▶ **Given records**
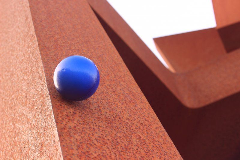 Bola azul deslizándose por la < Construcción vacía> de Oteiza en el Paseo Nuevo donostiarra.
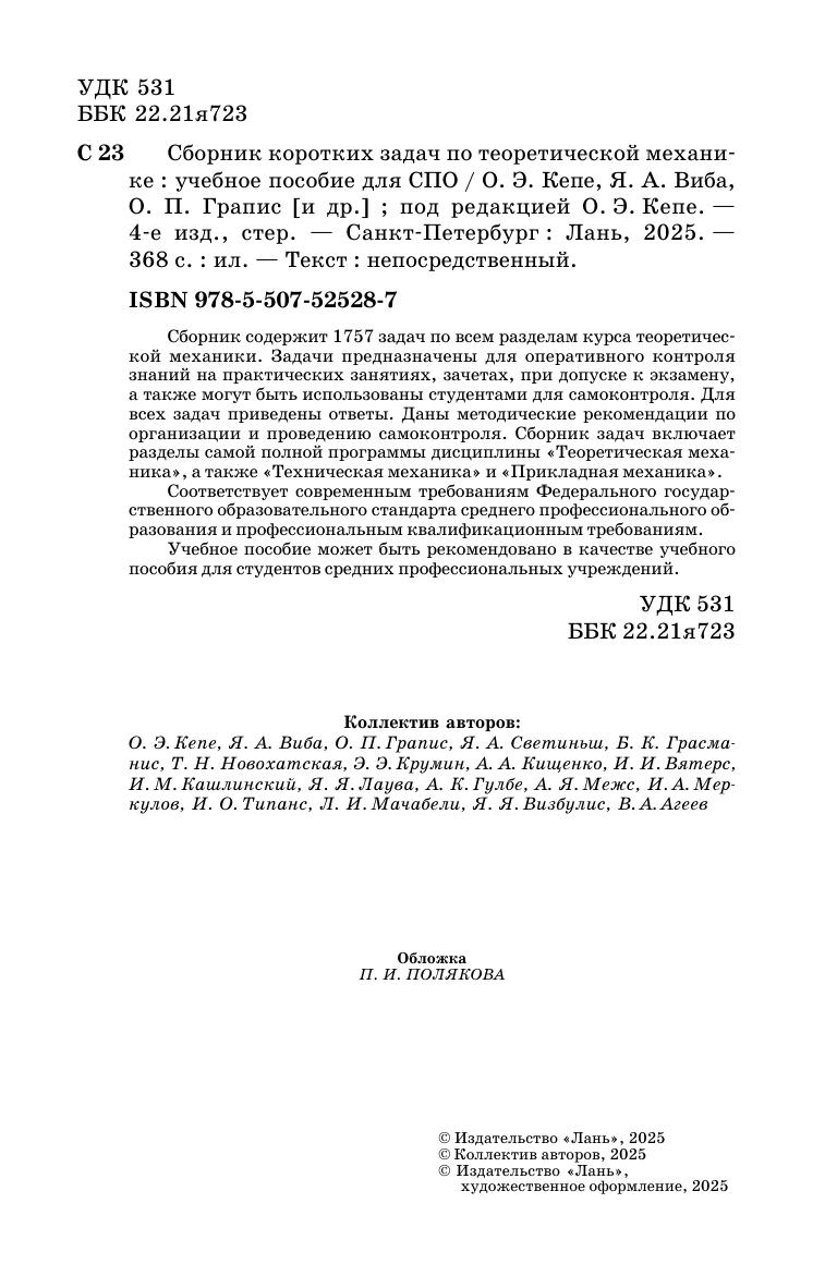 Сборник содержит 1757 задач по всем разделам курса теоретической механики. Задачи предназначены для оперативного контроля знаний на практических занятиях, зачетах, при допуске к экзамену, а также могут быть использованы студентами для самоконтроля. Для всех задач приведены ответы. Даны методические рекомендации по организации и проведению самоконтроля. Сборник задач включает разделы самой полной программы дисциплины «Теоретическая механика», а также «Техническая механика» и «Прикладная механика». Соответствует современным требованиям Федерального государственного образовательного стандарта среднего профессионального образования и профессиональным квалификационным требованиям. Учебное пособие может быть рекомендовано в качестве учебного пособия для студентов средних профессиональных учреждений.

--

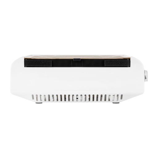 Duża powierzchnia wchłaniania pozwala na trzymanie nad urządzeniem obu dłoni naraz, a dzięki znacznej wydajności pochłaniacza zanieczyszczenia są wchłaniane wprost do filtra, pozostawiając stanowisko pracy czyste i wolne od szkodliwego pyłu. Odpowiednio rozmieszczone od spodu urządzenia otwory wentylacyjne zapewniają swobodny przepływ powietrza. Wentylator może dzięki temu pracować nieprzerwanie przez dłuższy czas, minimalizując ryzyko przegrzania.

▶ **What the task asks**
Please repeat the lines of the material above exactly, starting with the line that contains "Bola azul deslizándose" and ending with the line that contains "Сборник содержит 1757". Leave the pictures out.

▶ **Answer**
 Bola azul deslizándose por la < Construcción vacía> de Oteiza en el Paseo Nuevo donostiarra.
 Сборник содержит 1757 задач по всем разделам курса теоретической механики. Задачи предназначены для оперативного контроля знаний на практических занятиях, зачетах, при допуске к экзамену, а также могут быть использованы студентами для самоконтроля. Для всех задач приведены ответы. Даны методические рекомендации по организации и проведению самоконтроля. Сборник задач включает разделы самой полной программы дисциплины «Теоретическая механика», а также «Техническая механика» и «Прикладная механика». Соответствует современным требованиям Федерального государственного образовательного стандарта среднего профессионального образования и профессиональным квалификационным требованиям. Учебное пособие может быть рекомендовано в качестве учебного пособия для студентов средних профессиональных учреждений.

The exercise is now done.